Reviewer: William Allen

Martin Slater, a retired teacher of industrial economics at Oxford University, has written a short history of the British national debt, from the time before the Glorious Revolution when kings and queens were unreliable debtors, to the present day.

His account of the origins of the national debt, and of its management up to the nineteenth century, is the clearest, most illuminating and most convincing that I have read. For example, he describes how wars had to be paid for up front, before increased taxes could be received. He describes the Stop of the Exchequer of 1672, which was among the causes of the Glorious Revolution of 1688, and how the loan contractors of the eighteenth century, like the market makers of today, bought government securities en bloc and distributed them to their clients. And he provides an interesting and persuasive account of the attractions and real effects of sinking funds. At every stage, he is attentive to the interconnections between finance and politics.

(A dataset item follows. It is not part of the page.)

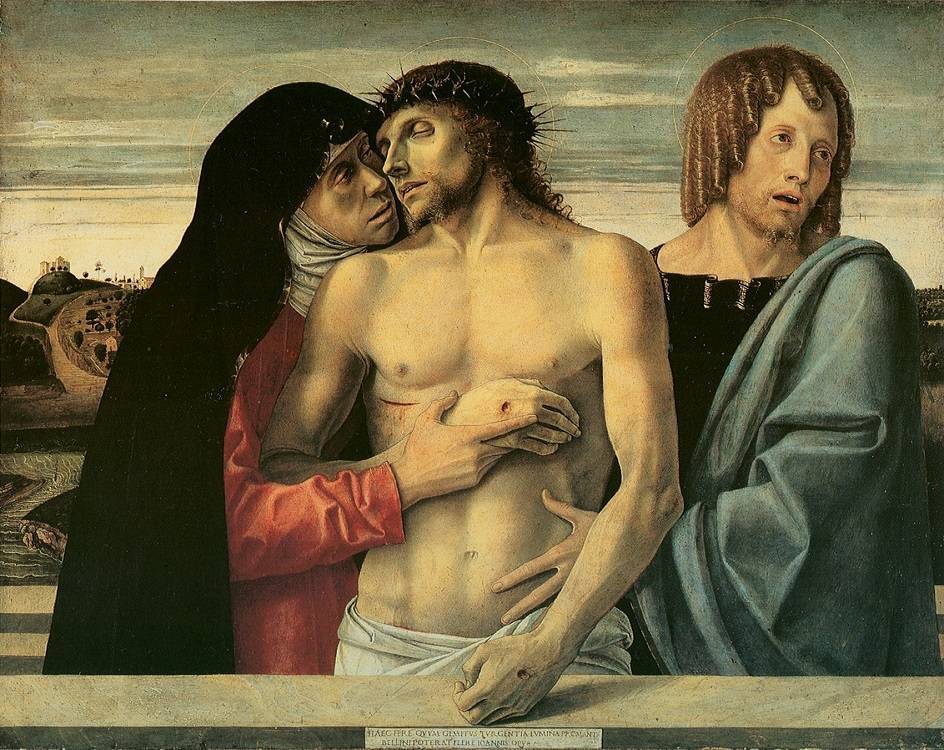 - «Пьета» (ок. 1465 г.) — традиционный сюжет оплакивания Христа проникнут глубокой скорбью, хотя выражения лиц персонажей нельзя воспринять однозначно. Работу отличает некая недосказанность, характерная для творчества Беллини.

Unfortunately his account becomes less convincing when it advances into the twentieth century. He notes that the financing of the First World War was very expensive because holders of gilt-edged securities issued at relatively low yields early in the war were allowed to convert without penalty into later, higher-yielding, issues, but he does not explore why they were allowed this concession. Jeremy Wormell’s book on British government debt management from 1900-1932 gives a fuller and better account. And Slater’s account of the bitter post-war reparations quarrel reports as if it were a fact that the impositions on Germany were impossibly onerous. They were, however, greatly reduced in negotiation, and there are reasons to doubt that they really were insupportable.

Slater says, quite rightly, that the financing of the Second World War was much better managed than that of the First, lessons having been learned. To my mind, he underestimates the seriousness of the post-war aftermath: a debt/GDP ratio of well over 200% could be managed in practice only by means of inflation, and the first fifteen or so post-war years were a period of fiscal dominance of monetary policy. And he is wrong to say (p 206) to say that no perpetuities have been issued since the Second World War: Hugh Dalton issued one in 1946 as part of his failed attempt to get long-term interest rates down to 2½%, an episode which Slater curiously neglects to mention.

More important, in explaining the motivation for his book, Slater alleges that there is a ‘complexity and lack of transparency’ in government debt management. Complexity, yes, but there are no grounds for the accusation of lack of transparency, as an examination of the website of the Debt Management Office will show.

I don’t think Slater has fully exposed the difficult but important complexities of debt management in the last century. However, his account of earlier times is masterly, and the book is worth buying for that alone.